Below are records; the lines starting at the one with "Histological slides of" and ending at the one with "MINIATURE DOLL SOFTWOOD" must be reproduced exactly, both included. Pictures must not appear.

Working data —
= = = = = = =
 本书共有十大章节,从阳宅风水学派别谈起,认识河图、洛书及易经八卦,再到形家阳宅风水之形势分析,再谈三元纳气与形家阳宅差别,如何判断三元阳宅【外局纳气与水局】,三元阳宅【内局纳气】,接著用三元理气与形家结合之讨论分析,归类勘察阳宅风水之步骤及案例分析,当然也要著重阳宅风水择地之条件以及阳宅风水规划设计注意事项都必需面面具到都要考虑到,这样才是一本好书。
= = = = = = =
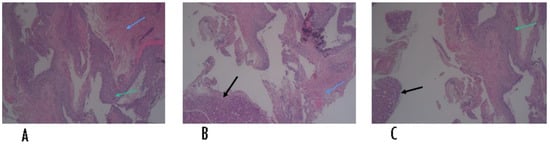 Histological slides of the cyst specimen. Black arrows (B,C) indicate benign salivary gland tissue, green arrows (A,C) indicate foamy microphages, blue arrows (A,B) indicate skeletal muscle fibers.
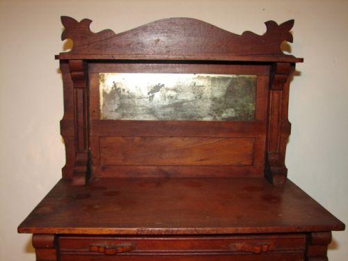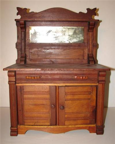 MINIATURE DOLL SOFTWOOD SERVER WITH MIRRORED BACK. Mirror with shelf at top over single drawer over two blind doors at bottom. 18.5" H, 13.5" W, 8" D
= = = = = = =
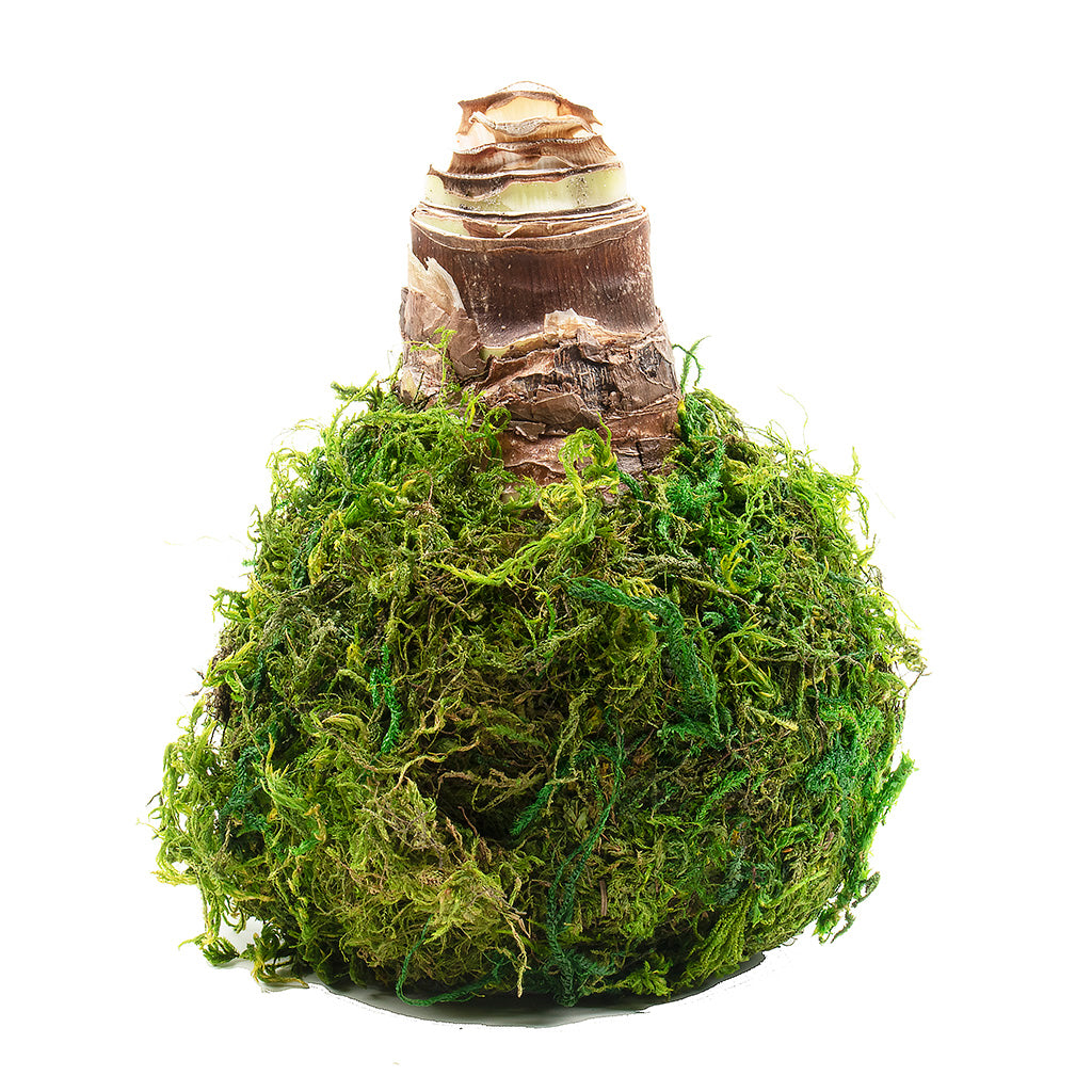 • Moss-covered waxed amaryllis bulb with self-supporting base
= = = = = = =
Your solution —
 Histological slides of the cyst specimen. Black arrows (B,C) indicate benign salivary gland tissue, green arrows (A,C) indicate foamy microphages, blue arrows (A,B) indicate skeletal muscle fibers.
 MINIATURE DOLL SOFTWOOD SERVER WITH MIRRORED BACK. Mirror with shelf at top over single drawer over two blind doors at bottom. 18.5" H, 13.5" W, 8" D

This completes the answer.